Старомодные круглые темные очочки Герберта Штейна не могли скрыть ни синяков, ни тем более расквашенного носа, когда я, едва появившись на улице, наткнулся на Туулу: сначала она, как бы сдерживая крик, испуганно прикрыла рукой рот, затем попятилась и, ускорив шаг, скрылась в толпе. К тому времени мы с ней уже расстались, я видел ее иногда лишь издалека, где-то в районе гостиницы «Астория» или на изгибе улочки Антокольского. Ее брат попадался мне на глаза чаще, мы с ним даже присаживались покурить, только вот о Тууле не упоминали ни словом. По-моему, мы с ним тоже неплохо бы поладили - хотя что это я, мы и так ладили. А Туулу я видел лишь издали. Вот и сейчас! Я наслаждался собственными муками - ни разу не догонял Туулу, не пытался заговорить с ней или удержать. Мне и в голову не приходило просто пригласить ее в кондитерскую выпить кофе или проводить до ближайшего угла - не было этого. Достаточно было увидеть ее, кивнуть при встрече, и я снова понуро плелся своей дорогой. Гляди! - мысленно обращался я к ней, когда она, тоже издалека, замечала меня с бокалом в руке возле «Гроба отца», был такой ларек, был, с этаким налетом богемности - случалось, здесь кучковались журналисты, реставраторы и такие, как я, - в лоснящихся на локтях пиджачках, с непросыхающей каплей под носом. Гляди! - взывало мое сердце. - Это твоя вина, что я тут толкусь! Сам видел ее кислую мину, когда она встретила меня под руку с шатающейся Кайрой Примеа, спившейся эстонкой, которая чуть ли не на целых три года застряла в Вильнюсе в командировке... Это ты виновата в том, сурово клеймил я ее, что я волоку эту пьяную подстилку в ее сырую постель, куда-то в район Маркучяй, на «Пушкиновку», вместо того чтобы сидеть с тобой под сводчатым потолком, разглядывать твое парящее надо мной плоское тело, озаренное зеленоватым светом луны... Ты виновата!

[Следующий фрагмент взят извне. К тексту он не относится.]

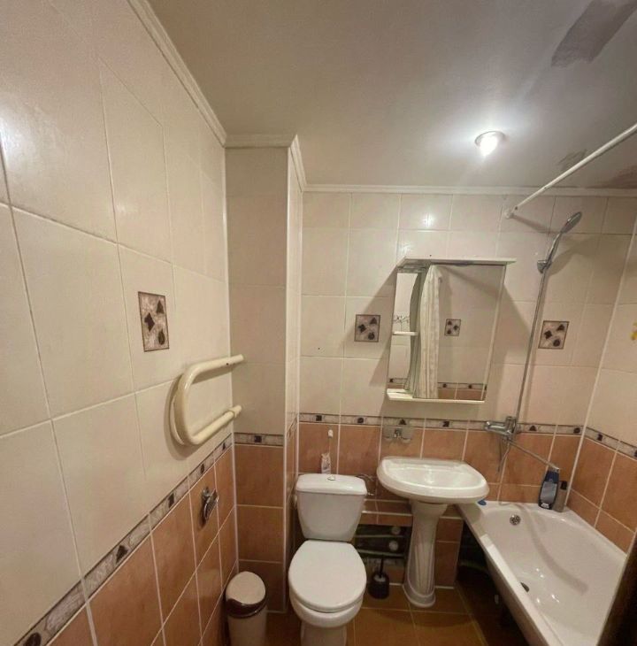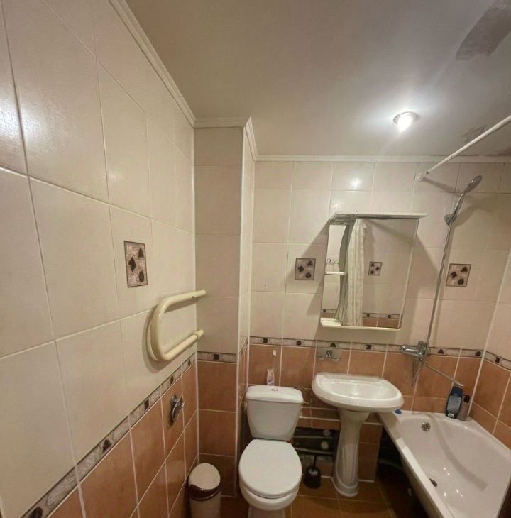 В квартире есть всё необходимое для комфортного проживания. Выполнен качественный ремонт, интерьер оформлен в светлых тонах, что делает пространство более просторным и уютным. Кухня оснащена современной техникой, есть удобный обеденный стол. В комнате установлены удобная кровать и вместительный шкаф. Санузел совмещённый, оборудован новой сантехникой.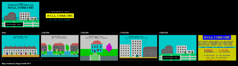 От маленького скромного дома до роскошного поместья? Примите один из маленьких вызовов жизни и станьте миллионером! Создайте компанию по производству программного обеспечения, покупайте, продавайте, рекламируйте, колеситесь и заключайте сделки с честным Гарри. Полноэкранное графическое представление вашего текущего места жительства, + множество других возможностей.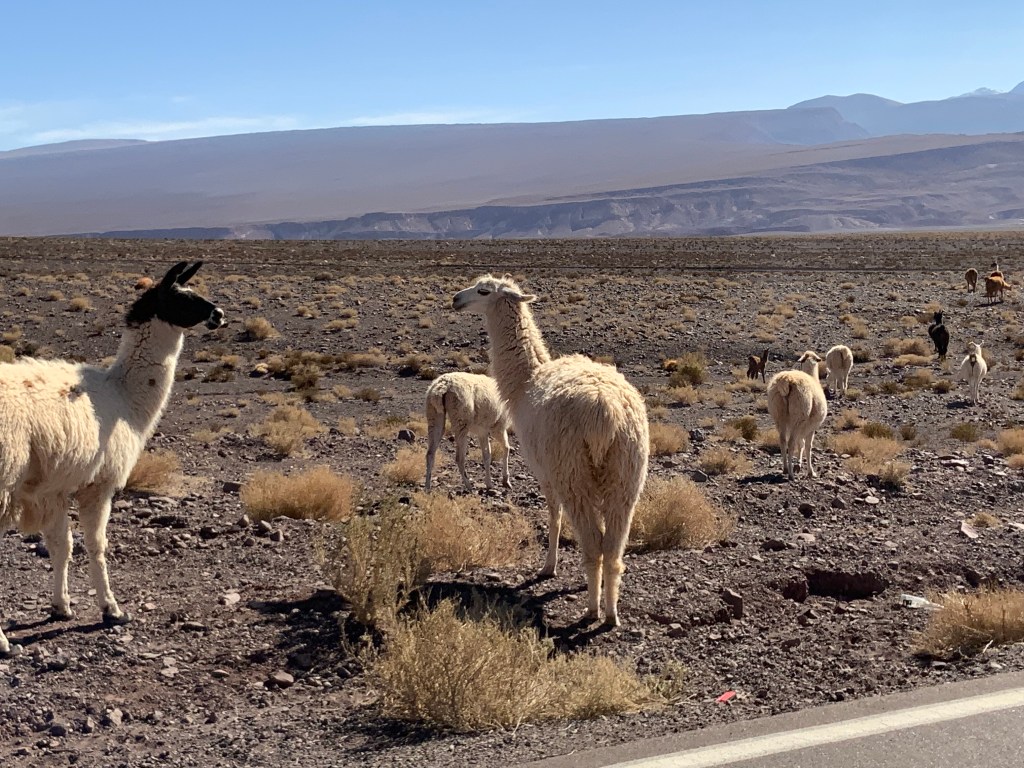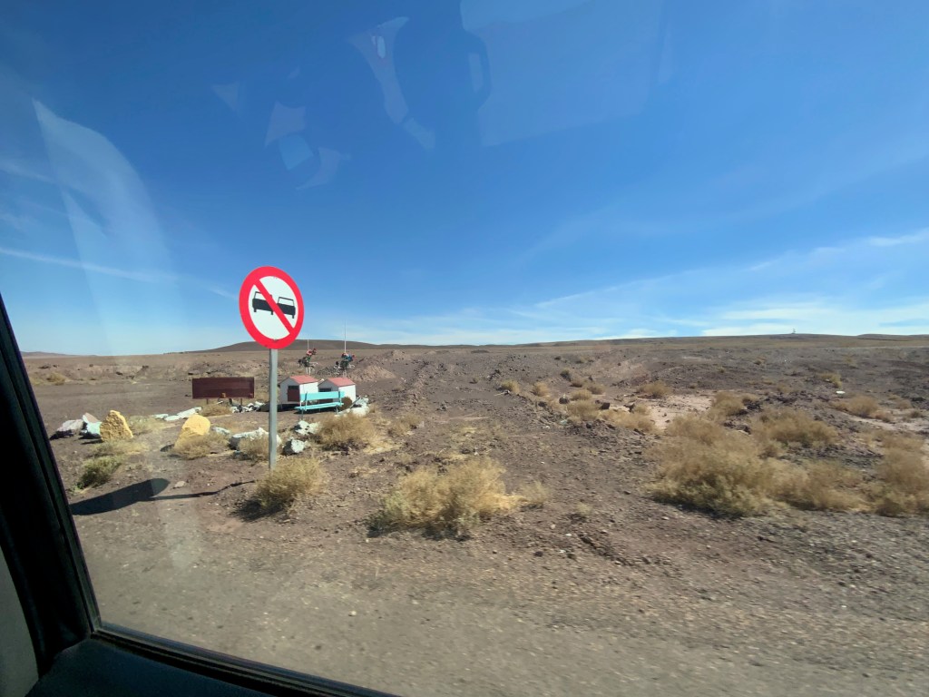 Another long trip through the desert to Calama airport passing many ‘hermitages’ on the highway. These were small buildings created to house the a part of the soul of the person who died accidentally on the highway which was believed to remain at the site.

Но это был всего лишь упоительный полупьяный крик души плюс жуткая досада: это ж надо было попасться ей на глаза с этим эстонским чучелом! Нет, чтобы хоть разок встретить ее, Туулу, - зверушку, стрекозу, ленивую засоню - с каким-нибудь атлетом или престарелым гением. Все одна да одна. Все в той же рыжей шубейке. Идет ссутулившись, вид какой-то затравленный.

Нет, кое-что удалось подглядеть и мне. Я тогда не выдержал и, сунув в рот пальцы, пронзительно засвистел, будто кому-то вслед - на лужайке перед окнами Туулы сидела группка длинноволосых типов, среди которых белела голова и того самого «свинского блонда», а Туула расхаживала между ними в цветастой юбке и наливала из пластмассового кувшина какое-то питье... Я свистнул, стоя на бетонном мосту, они переглянулись, обернулась в мою сторону и Туула, но я уже пустился наутек, словно вдогонку за самим собой. Добежав до середины дома, взлетел на галерею, облокотился на заржавленные перила и закурил. Она меня видела. Усмехнулась. Опустила глаза. И так звонко расхохоталась, что у меня вмиг пропало желание стоять там и курить... К тому же какая-то толстая жилица ткнула меня кулаком в спину и пробасила: «Чего тебе? Вот так и пропадает мое белье!» А ведь за дверью, из-за которой она вылезла, как раз жила когда-то моя родня, ведущая начало из Зальцбурга, Кроены, Гродно... Я знал, что это здесь. Помню, в детстве у нас в доме валялась плотная открытка с вильнюсской горой Трехкрестовкой, усатым Гитлером на розовой почтовой марке и тисненой надписью черными буквами: «OSTLAND». Военная почта, Малуну, 3, барышне Домицеле... И несколько слов черными чернилами: Домочка, сходи в магазин, погляди, висит ли там еще пуловер с черными плечиками и (неразборчиво) пуговицами. Целую -Ханна». Или что-то в этом роде. Не гарантирую, что привел текст дословно.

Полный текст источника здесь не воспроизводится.